Hmm, z.B. Omnipage ermöglicht das Speichern direkt in ein PDF-Dokument.
Also evtl. mal andere Scannersoftware in Erwägung ziehen, die über eine solche Funktion bereits verfügt.

Adobe Acrobat Pro ist leider eine Lösung für den großen Geldbeutel. Es sollte allerdings eine zeitlich begrenzte Testversion bei Adobe geben. Ich weiß jetzt nicht, ob die im Leistungsumfang eingeschränkt ist oder auch nicht.


----------



## lazy (31. März 2010)

Mhhm wie sieht es denn mit den verschiedenen Formaten aus? JPEG - PNG - TIF was ist da am kleinsten? Unter 200 DPI würde ich an deiner Stelle nicht scannen. Wo bewirbst du dich denn wenn ich fragen darf? Bei einem IT Unternehmen ist das sicher was anderes als beim Maler nebenan. 
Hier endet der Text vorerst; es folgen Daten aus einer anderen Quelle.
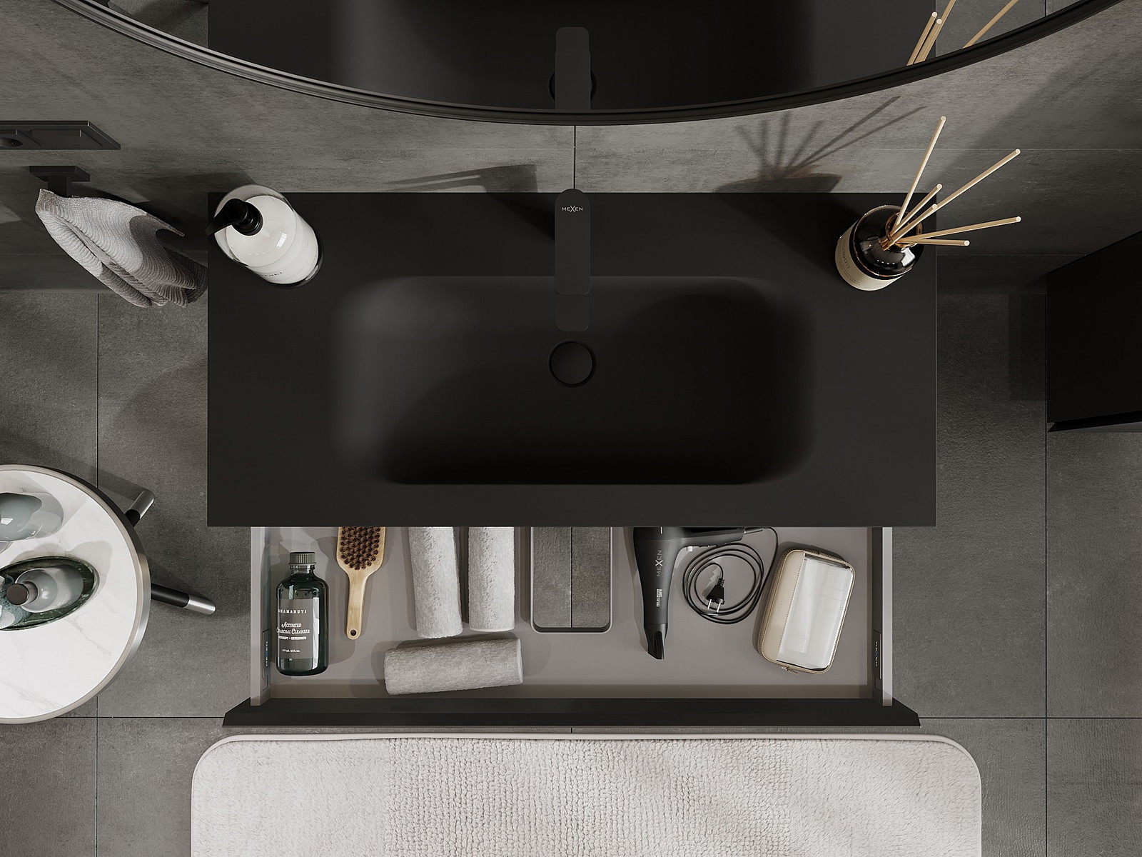 Mexen Orio Badezimmerschrank 100 cm mit Waschbecken Vela, 1 Schublade, schwarz matt - 91A10-10023-1-BF71-W23M71
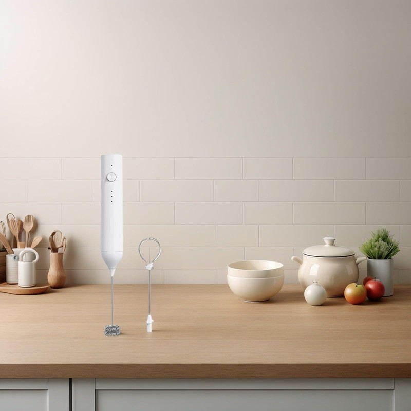 BEKSJY Milk Frother Rechargeable Handheld Electric Frother 3 Speed Adjustable, Electric Coffee Frother Stick with 2 Stainless Steel Whisks, Latte Cappuccino Matcha Egg Drink Mixer (White)
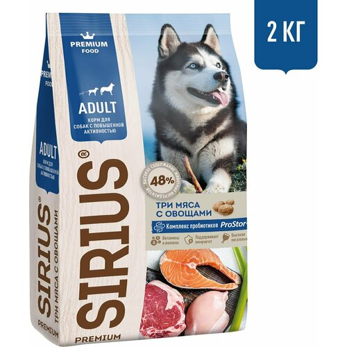 Sirius / Сухой корм для собак с повышенной активностью Sirius 3 мяса с овощами 2кг 1 шт
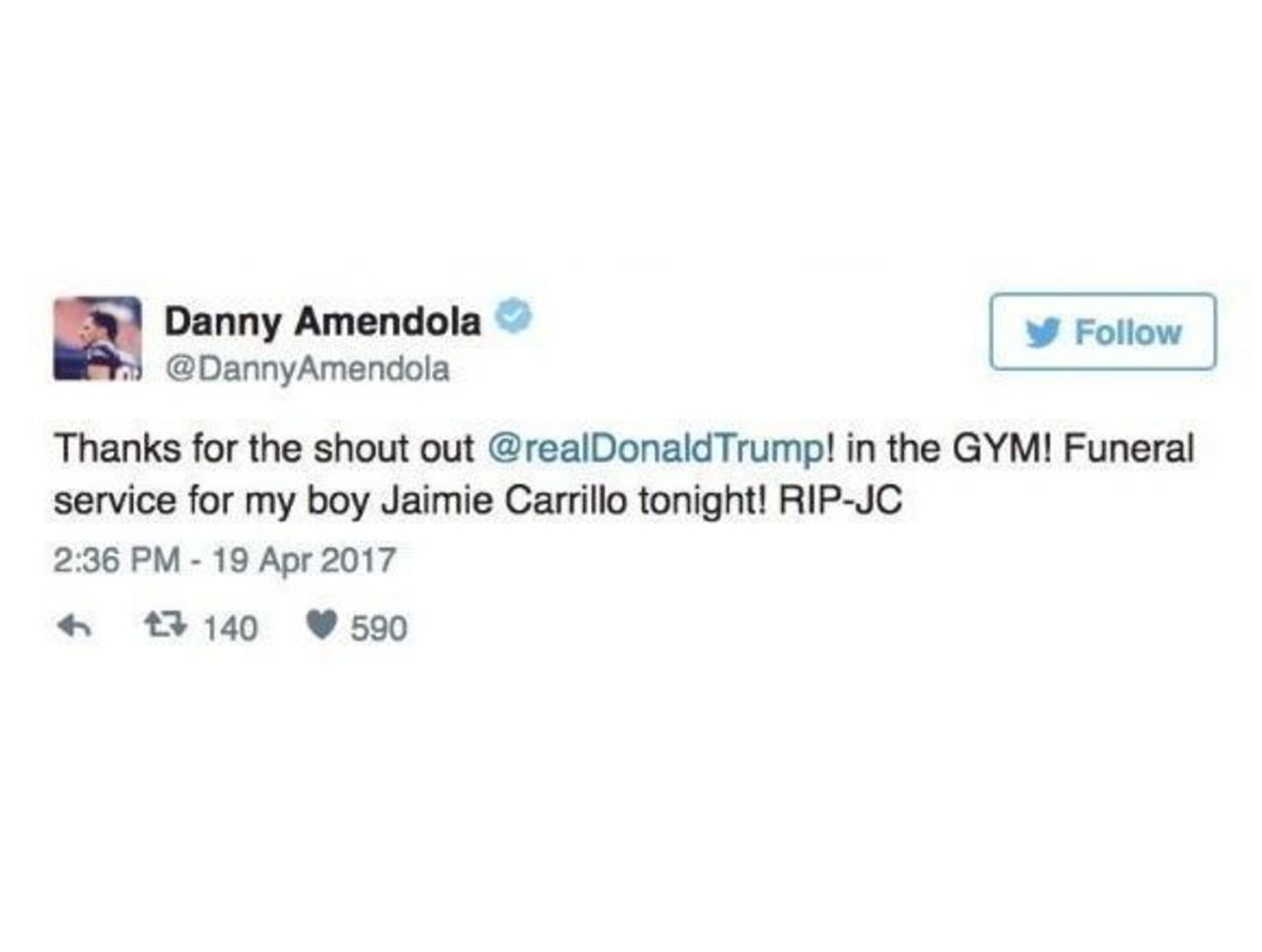 For The Win was able to take a screenshot of the tweet, which included a photo of Amendola working out.
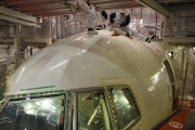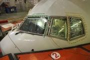 機首へ。コクピット内の機材は外されて整備中でした。窓枠には「窓のシール乾燥中」と注意書き。
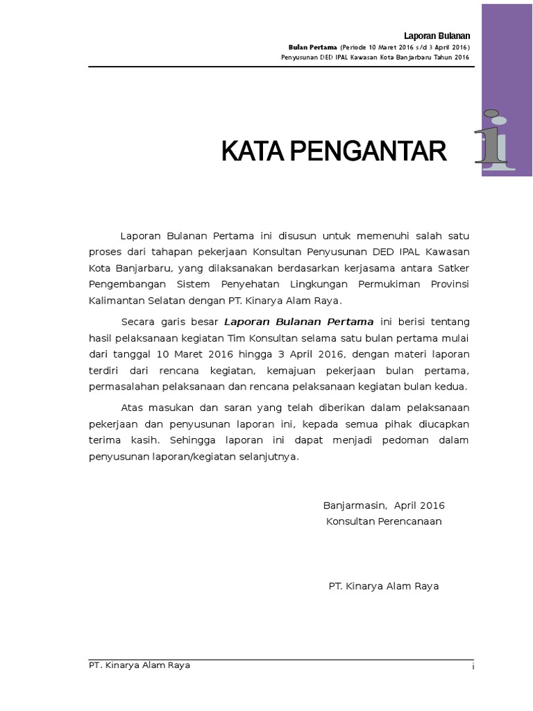 KATA PENGANTAR. pelaporan konsultan sebagaimana disebutkan dalam kontrak No. - PDF Download Gratis
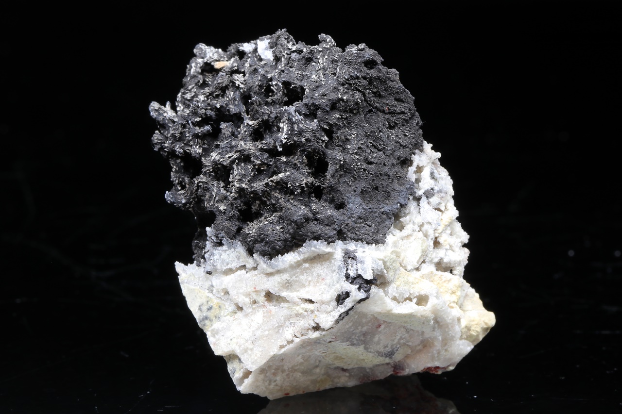 Feine, filzige Dyskrazit-Kristalle auf schwarzem Arsen gewachsen. Eine Probeversendung ist nicht möglich, sie kann nur persönlich in unserem Geschäft abgeholt werden.
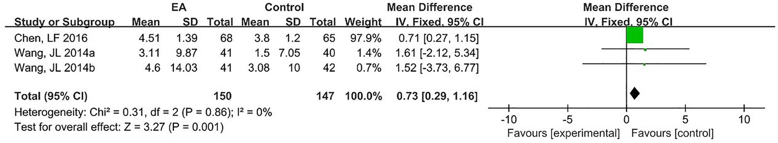 Two articles reported VFSS scores, including three pairs of trials, with 150 subjects in the experimental group and 147 in the control group. A meta-analysis of the three RCTs was performed using a fixed-effects model, and the results are shown in Figure 6. The results showed that the EA group showed more significant improvement in VFSS scores than the control group (MD = 0.73, 95% CI = 0.29 to 1.16, p = 0.001).
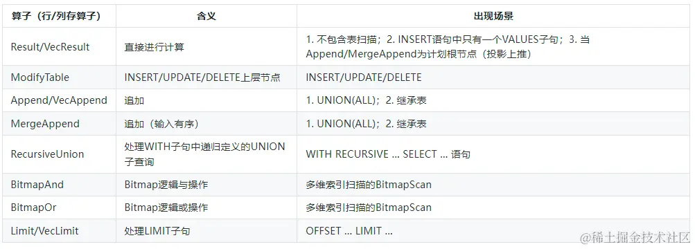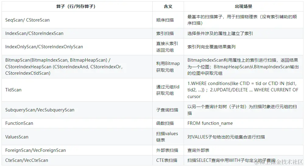 扫描算子用来扫描表中的数据,每次获取一条元组作为上层节点的输入, 存在于查询计划树的叶子节点,它不仅可以扫描表,还可以扫描函数的结果集、链表结构、子查询结果集。一些比较常见的扫描算子如表所示。
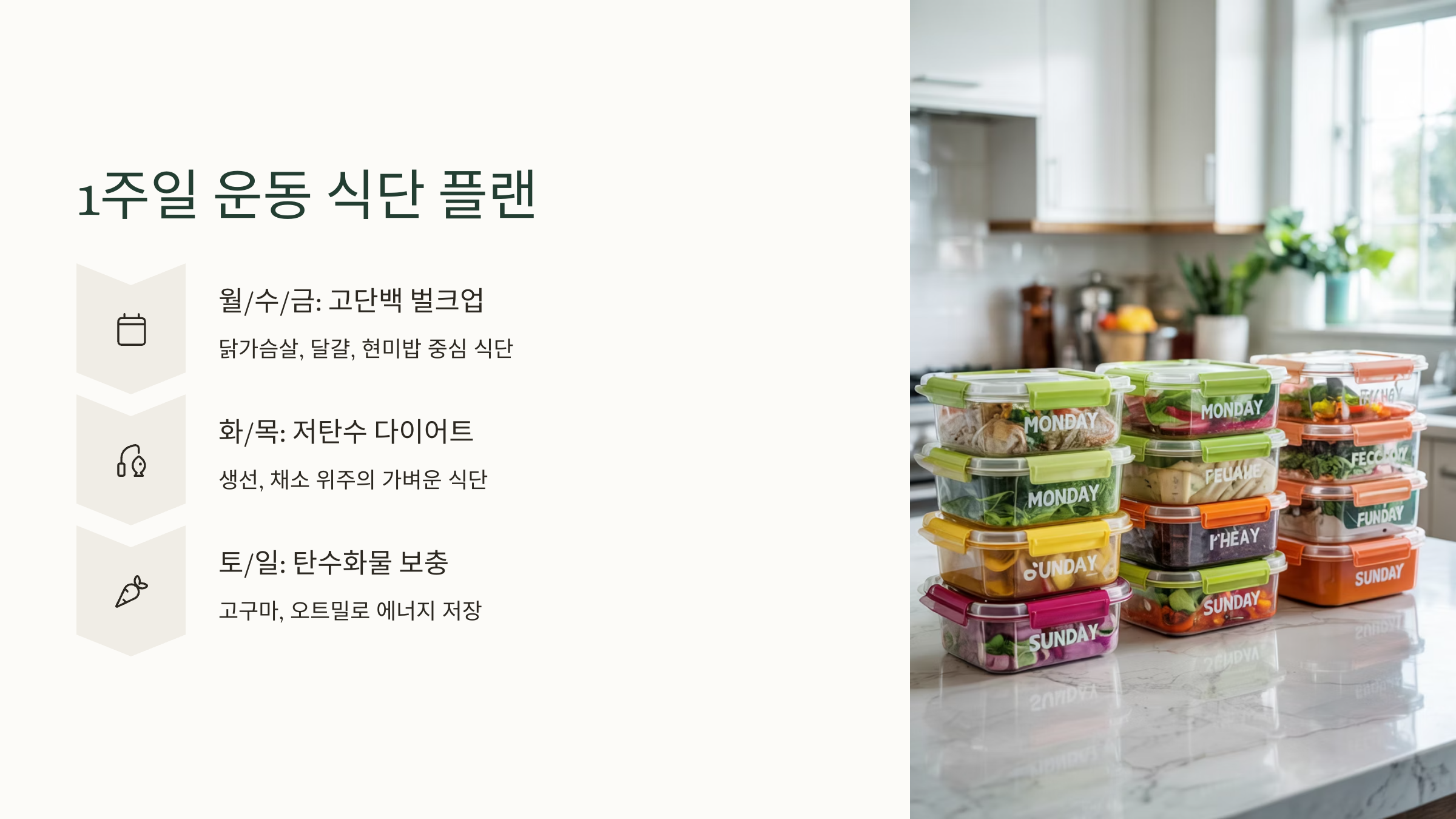 1주일 단위로 운동 식단을 짜면 체계적으로 관리할 수 있어서 결과도 눈에 띄게 좋아져요. 균형 잡힌 단백질, 탄수화물, 지방 배분이 핵심이에요!

An die 2MB musst du dich nicht halten, aber es ist schlecht wenn der Arbeitgeber 100 Stunden auf deine Unterlagen warten muss. Bei G*X kann ich Emails mit bis zu 20MB verschicken glaube ich, 3 MB scheint mir sehr veraltet zu sein.


----------



## pcp-brattcoxx (31. März 2010)

Es geht um ein Unternehmen in der Sicherheitsbranche. Da wäre eine vernünftige Mail schon nicht verkehrt da sie um einiges seriöser wirken sollte.
Daher ist auch ein Scan in Bildformaten nicht unbedingt ratsam.


----------



## mattinator (31. März 2010)

Wenn Deine Software es kann, scanne in eine JPEG-Datei, dann hast Du erstmal eine hohe Komprimierung (mehr geht auch mit anderen Formaten bei gleicher Auflösung i.d.R. nicht). Dann installierst Du PDFCreator (pdfforge.org | The free PDF Creator and Converter). Zum Schluss öffnest Du das Bild mit einem Grafik-Programm (reicht z.B. Paint) und "druckst" es auf den Drucker "PDFCreator", der das Bild nach einem Dialog in eine PDF-Datei speichert.


----------



## dot (31. März 2010)

Mit irfanview funktionieren glaube ich auch Multipage PDFs aus Bildern.


----------



## bingo88 (31. März 2010)

Scannst du in Farbe? Das macht die Dateien nämlich nochmal extra fett. Als jpg-pdf speichern ist jedenfalls schonmal nicht verkehrt, die meisten Scanprogramme untersützen ja jpg nach pdf (auch mehrere Seiten). Um eine PDF nachträglich zu komprimieren (es bleibt aber weiter ne PDF!), brauchst du wohl den vollen Acrobat. Mir ist zumindest keine Alternative bekannt!


----------



## mattinator (31. März 2010)

dot schrieb:


> Mit irfanview funktionieren glaube ich auch Multipage PDFs aus Bildern.



Geht mit PDFCreator auch.


----------



## pcp-brattcoxx (1. April 2010)

Habe das ganez mittlerweile zum Glück auf ähnliche Weise lösen können.
Die Dokumente habe ich als JPEG mit 300 eingescannt und anschließend als Grafik in ein Word-dokument eingefügt und in der Größe angepasst.
Anschließend das ganze aus Office dierekt als .pdf speichern und fertig.
So geht´s dann auch

Danke trotzdem an alle jene welche sich so schnell eingebracht haben.


----------